AI is hungry for data.

Training and testing the machine-learning tools to perform desired tasks consumes huge lakes of data.  More data often means better AI.

Yet gathering this data, especially data concerning people’s behavior and transactions, can be risky. For example, In January of this year, the US FTC reached a consent order with a company called Everalbum, a developer of photography apps. The FTC accused Everalbum of deception and unfairness in collecting and retaining facial recognition data to be used as AI training databases. The FTC not only forced Everalbum to delete the pictures in the database and to cease using the AI program trained on that database. So the entire investment in AI is rendered useless because the data used to train that AI was suspect.

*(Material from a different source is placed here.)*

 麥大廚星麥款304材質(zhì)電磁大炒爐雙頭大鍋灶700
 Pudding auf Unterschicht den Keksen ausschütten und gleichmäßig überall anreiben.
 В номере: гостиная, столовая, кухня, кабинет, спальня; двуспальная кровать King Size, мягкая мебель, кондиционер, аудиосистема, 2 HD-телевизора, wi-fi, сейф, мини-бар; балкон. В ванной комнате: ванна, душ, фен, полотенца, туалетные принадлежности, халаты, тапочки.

Examples abound of privacy infringement in collecting AI training data. Venturebeat writes, “The Royal Free London NHS Foundation Trust, a division of the U.K’s National Health Service based in London, provided Alphabet’s DeepMind with data on 1.6 million patients without their consent. Google — whose health data-sharing partnership with Ascension became the subject of scrutiny in November — abandoned plans to publish scans of chest X-rays over concerns that they contained personally identifiable information. This past summer, Microsoft quietly removed a data set (MS Celeb) with more than 10 million images of people after it was revealed that some weren’t aware they had been included.”

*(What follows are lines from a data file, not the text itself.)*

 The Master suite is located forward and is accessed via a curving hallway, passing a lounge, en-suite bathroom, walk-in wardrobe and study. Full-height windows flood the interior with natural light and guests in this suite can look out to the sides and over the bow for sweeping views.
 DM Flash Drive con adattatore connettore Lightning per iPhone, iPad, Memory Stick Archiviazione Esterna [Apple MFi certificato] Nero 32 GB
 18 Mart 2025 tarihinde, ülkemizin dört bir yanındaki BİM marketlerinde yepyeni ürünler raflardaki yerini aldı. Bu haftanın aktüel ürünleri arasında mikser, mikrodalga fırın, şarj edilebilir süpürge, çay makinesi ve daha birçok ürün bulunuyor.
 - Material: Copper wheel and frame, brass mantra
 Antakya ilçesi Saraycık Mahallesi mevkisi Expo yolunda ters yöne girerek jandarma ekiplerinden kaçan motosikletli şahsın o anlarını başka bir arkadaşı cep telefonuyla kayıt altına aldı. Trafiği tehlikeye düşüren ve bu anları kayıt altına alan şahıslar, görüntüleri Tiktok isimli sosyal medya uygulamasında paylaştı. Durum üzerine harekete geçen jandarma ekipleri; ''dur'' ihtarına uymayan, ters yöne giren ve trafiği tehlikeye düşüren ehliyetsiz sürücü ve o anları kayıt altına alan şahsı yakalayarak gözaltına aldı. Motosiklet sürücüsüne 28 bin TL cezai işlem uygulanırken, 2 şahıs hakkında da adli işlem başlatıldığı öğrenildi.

So how do you feed the AI beast on datasets about personal outcomes and transactions without jeopardizing the privacy of the data subjects?  Easy.  Make up the data. The AI may need to learn using transactional information, but the training data doesn’t need to be from real transactions. Fake transactions could work just as well. Gartner recently predicted that within a decade most of the data used in training AI will be artificially generated.

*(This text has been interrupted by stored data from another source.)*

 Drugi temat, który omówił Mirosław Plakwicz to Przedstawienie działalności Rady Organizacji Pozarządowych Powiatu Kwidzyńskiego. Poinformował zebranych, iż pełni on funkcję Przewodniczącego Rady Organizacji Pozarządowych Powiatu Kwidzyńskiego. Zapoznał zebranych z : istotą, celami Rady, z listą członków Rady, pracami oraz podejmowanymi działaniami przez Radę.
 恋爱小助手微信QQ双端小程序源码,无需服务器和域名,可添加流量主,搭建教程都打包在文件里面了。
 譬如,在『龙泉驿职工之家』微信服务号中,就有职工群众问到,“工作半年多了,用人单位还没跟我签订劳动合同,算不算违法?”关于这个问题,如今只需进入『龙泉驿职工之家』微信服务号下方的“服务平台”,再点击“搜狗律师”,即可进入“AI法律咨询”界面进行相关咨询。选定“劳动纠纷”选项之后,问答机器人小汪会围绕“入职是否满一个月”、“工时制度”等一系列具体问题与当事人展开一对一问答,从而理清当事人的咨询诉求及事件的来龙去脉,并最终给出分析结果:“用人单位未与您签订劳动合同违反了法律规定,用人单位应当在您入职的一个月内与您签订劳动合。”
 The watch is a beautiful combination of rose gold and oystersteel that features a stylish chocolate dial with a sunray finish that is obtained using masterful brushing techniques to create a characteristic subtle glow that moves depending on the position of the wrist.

You have seen simulated data in action if you have ever used a flight simulator. Algorithms can create data sets that mimic data gathered in the real world. According to the Nvidia blog, “Donald B. Rubin, a Harvard statistics professor, was helping branches of the U.S. government sort out issues such as an undercount especially of poor people in a census when he hit upon an idea. He described it in a 1993 paper often cited as the birth of synthetic data.” But the rise of AI has accelerated the development of synthetic data.

The Nvidia blog also observes that generating synthetic data can be much less expensive than purchasing similar captured data, noting “Because synthetic datasets are automatically labeled and can deliberately include rare but crucial corner cases, it’s sometimes better than real-world data.” Manual labelling of unstructured data is time consuming and expensive. Synthetic data can be pre-labeled in creation, saving significant resources. Edge cases may not appear in any world-measured data set, but can be built into synthetic data sets. Well-designed algorithms for creating synthetic data sets can keep on generating data, and the data sets themselves can be re-used many times for AI training and testing.

Given privacy concerns with measured data, healthcare is a field where synthetic data may be exceptionally useful for training machine learning systems. To that end, the U.S. Department of Health and Human Services initiated a synthetic health data challenge in furtherance of the Department’s ambitious effort to create a synthetic health data engine. HHS is interested in developing synthetic data not only for AI training, but to allow researchers to test analysis and systems prior to achieving access to the measured clinical data, thus speeding completion of effective research projects. The challenge includes money prizes to be awarded by the National Coordinator for Health Information Technology. HHS intends ultimately to model the medical history of synthetic patients. “The resulting data are free from cost and privacy and security restrictions and have the potential to support a variety of academia, research, industry, and government initiatives.”

We do not have space here to cover all of the applications for synthetic data, but important functions include initiation of cloud migration – reducing risks of pushing sensitive and regulated data into a cloud platform by moving synthetic data to build out working networks within the cloud. Also, because real-life testing of robots and drones is expensive and slow, synthetic data can allow developers to test robotics in simulations.

As more legal and business accountability is demanded of AI, and as machine learning systems make more decisions that affect us, we should expect to answer questions about data nutrition.  What data was fed into the system to make this AI work? I expect that eventually entities making or using AI will be expected to produce for public inspection the data diet of their products. And unlike people, for whom a natural diet seems to work best, a synthetic diet may be the best thing for an AI.

It’s likely you will be reading more about synthetic data, especially in the context of training and testing databases.  We are seeing the early stages of development, but synthetic data holds the promise of a dominant source of value to companies in the future. AI developers are learning an important truth – you are what you eat.